What is central nervous system vasculitis?

Central nervous system (CNS) vasculitis refers to vasculitis in the brain. The condition can be primary, with manifestations of vasculitis limited to the brain, or secondary, with brain involvement with a systemic form of vasculitis such as polyarteritis nodosa (PAN), granulomatosis with polyangiitis (Wegener’s), or others. The most typical symptoms of either primary or secondary CNS vasculitis include headache and cognitive dysfunction but may also include any of the following: seizure, stroke and coma.

Who gets central nervous system vasculitis?

Primary CNS vasculitis is extremely rare (less than 1-2 persons per million people per year. Men and women of all ages can get the disease although it is slightly more frequent in middle-aged men (45-65). Five to 15 percent of patients with PAN and granulomatosis with polyangiitis (Wegener’s) will get central nervous system manifestations (secondary vasculitis).

What causes central nervous system vasculitis?

The cause of primary CNS vasculitis is unknown as are the causes of the diseases associated with secondary CNS vasculitis.

How is central nervous system vasculitis diagnosed?

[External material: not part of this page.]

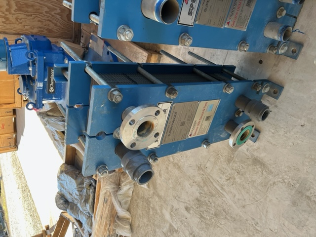Used 113 sq. ft. Plate Heat Exchanger. Mfg. by Tranter (Superchanger) in 2019. Model GCD-016-M-5-NR-77. 150 psi @ 212°F. Plate Pack Dimensions: 6.88" minimum. 7.06" maximum. (2)2" inlets and (2)2" outlets. 85 Max plate count for frame assembly, 77 plates @ shipment.

Since primary CNS vasculitis is so rare, a high index of suspicion is required to make the diagnosis. Mimickers must be ruled out, including drug use (ephedrine, cocaine, etc.), migraine, infections and some unusual malignancies. A combination of tests, including magnetic resonance imaging (MRI), cerebral angiography and spinal fluid examination (spinal tap) may help. In many cases, a brain biopsy is the only way to confirm the diagnosis.

What is the treatment for central nervous system vasculitis?

Depending on the clinical manifestations and extent of the disease, patients with CNS vasculitis will usually require treatment with corticosteroids combined with immunosuppressive agents, such as cyclophosphamide or azathioprine, for a period varying between six and 12 months.